Velocity checks are the cheapest, simplest fraud control you can run. No machine learning, no behavioural baselines, no risk scoring — just clear rules and counters. They're easy to implement, easy to explain to an auditor, and easy to tune when something goes wrong.

Their real value is against automated attacks. Card testing bots, credential stuffing, automated purchasing — they all generate the kind of high-frequency activity that velocity checks are built for. Without them, a fraudster can test thousands of stolen card numbers against your checkout in a single afternoon and you'll pay processing fees and chargebacks on every successful test.

They also protect your customers. If you stop suspicious activity before it goes through, the legitimate cardholder never sees a fraudulent charge on their statement, never starts a chargeback, never loses faith in your business. That's worth more than the fee saving.

Velocity Checks in Phone Payments

Velocity checks usually get discussed in an e-commerce context, but they apply just as much to a contact centre taking card payments by phone. The patterns are slightly different — a fraudster on a phone line can't bot-spam transactions the way they can on a web form — but unusual frequency is still the giveaway.

Useful velocity signals in a contact centre:

• Multiple cards from one caller — a customer offering three different card numbers in succession because each was "declined" is classic phone-based card testing.
• Repeat calls from the same number — same caller-ID hitting the payment line with different names or order references is a strong organised-fraud signal.
• Strings of small transactions — multiple low-value charges in quick succession, especially on different cards, is the phone equivalent of online card testing.
• Large first-time orders — a never-before-seen caller placing an unusually high-value order isn't automatically fraud, but combined with other risk markers it's worth a second look before the goods ship.

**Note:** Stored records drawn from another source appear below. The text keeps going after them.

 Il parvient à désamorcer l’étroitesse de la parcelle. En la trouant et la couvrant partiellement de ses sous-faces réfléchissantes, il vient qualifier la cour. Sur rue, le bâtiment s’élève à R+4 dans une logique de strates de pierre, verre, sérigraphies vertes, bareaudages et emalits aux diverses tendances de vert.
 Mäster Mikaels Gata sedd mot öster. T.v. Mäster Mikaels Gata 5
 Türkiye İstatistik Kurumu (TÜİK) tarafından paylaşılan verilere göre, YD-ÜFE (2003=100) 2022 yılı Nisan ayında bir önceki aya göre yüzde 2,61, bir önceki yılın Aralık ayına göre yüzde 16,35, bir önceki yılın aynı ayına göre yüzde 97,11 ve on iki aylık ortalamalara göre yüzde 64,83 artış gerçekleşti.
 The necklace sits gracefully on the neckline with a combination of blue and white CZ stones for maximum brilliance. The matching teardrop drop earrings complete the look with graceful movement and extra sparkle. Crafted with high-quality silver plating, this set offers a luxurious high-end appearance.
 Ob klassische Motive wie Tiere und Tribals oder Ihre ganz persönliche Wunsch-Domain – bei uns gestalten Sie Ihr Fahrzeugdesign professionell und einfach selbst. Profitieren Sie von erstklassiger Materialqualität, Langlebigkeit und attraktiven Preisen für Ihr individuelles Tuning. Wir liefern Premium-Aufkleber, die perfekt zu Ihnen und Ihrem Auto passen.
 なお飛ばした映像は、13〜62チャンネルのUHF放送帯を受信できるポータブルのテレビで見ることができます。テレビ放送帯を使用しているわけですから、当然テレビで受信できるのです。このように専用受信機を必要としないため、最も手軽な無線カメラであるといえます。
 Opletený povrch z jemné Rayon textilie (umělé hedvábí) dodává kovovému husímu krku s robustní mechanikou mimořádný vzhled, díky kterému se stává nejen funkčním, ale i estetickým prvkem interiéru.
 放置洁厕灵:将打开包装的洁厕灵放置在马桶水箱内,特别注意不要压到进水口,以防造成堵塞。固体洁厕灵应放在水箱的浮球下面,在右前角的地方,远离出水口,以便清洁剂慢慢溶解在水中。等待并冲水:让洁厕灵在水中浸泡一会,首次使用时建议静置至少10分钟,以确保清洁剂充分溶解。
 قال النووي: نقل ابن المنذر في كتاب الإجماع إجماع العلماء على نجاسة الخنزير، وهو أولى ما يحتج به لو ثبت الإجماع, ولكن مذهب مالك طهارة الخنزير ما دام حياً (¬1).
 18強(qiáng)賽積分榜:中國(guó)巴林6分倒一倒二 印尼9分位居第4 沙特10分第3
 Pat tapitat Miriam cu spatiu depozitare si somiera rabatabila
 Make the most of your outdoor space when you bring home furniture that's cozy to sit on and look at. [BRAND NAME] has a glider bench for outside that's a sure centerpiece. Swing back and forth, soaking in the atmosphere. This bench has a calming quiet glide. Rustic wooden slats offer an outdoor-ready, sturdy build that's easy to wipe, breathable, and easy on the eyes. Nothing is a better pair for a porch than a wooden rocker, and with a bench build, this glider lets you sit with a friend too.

For automated phone payments — IVR card capture — the velocity logic can be applied to the payment gateway just as it would for an online transaction. For agent-assisted payments, the velocity check has to surface in the agent's payment screen so they can act on it in real time without having to interrupt the call.

Setting the Thresholds

The hard part of velocity checks is the numbers. Too tight and you decline legitimate customers; too loose and you let fraud through. The right thresholds depend on your business — a takeaway taking 2,000 transactions a night needs very different rules from a luxury watch dealer doing five orders a week.

The process that works:

• Pull six months of historical transaction data and look at what "normal" actually means for you. Build the thresholds from your own data, not from a vendor's default settings.
• Set the initial thresholds conservatively. You'd rather decline a few good customers and have them complain (so you can adjust) than miss the fraud you were trying to catch.
• Tier the thresholds by customer risk. A repeat customer with three years of clean history can have looser rules than a brand-new account.
• Combine velocity with the other tools — AVS, CVV check, device fingerprinting, 3DS2. Velocity is the cheap first filter; the more expensive tools deal with what gets through.
• Watch your false-positive rate. If genuine customers are getting blocked too often, your thresholds are too aggressive and you'll find out about it through angry phone calls.
• Have an escape valve. If a real business customer needs to make five legitimate purchases in an hour, give them a way to phone you and get unblocked rather than ramping up the threshold for everybody.

Where Velocity Sits in a Wider Strategy

Velocity checks are best as one layer in a stack, not the whole defence. A sophisticated fraudster who knows you use velocity will adapt — pace their attacks below the threshold, rotate through proxy IPs and devices, spread the activity across multiple stolen accounts. Velocity alone doesn't stop that.

Combine velocity with address verification, CVV checks, device fingerprinting, risk scoring, and an authentication step like 3D Secure, and you've got multiple things a fraudster has to defeat at the same time. That's a much harder problem than defeating any one of them. The layers cover each other's weaknesses — that's the point.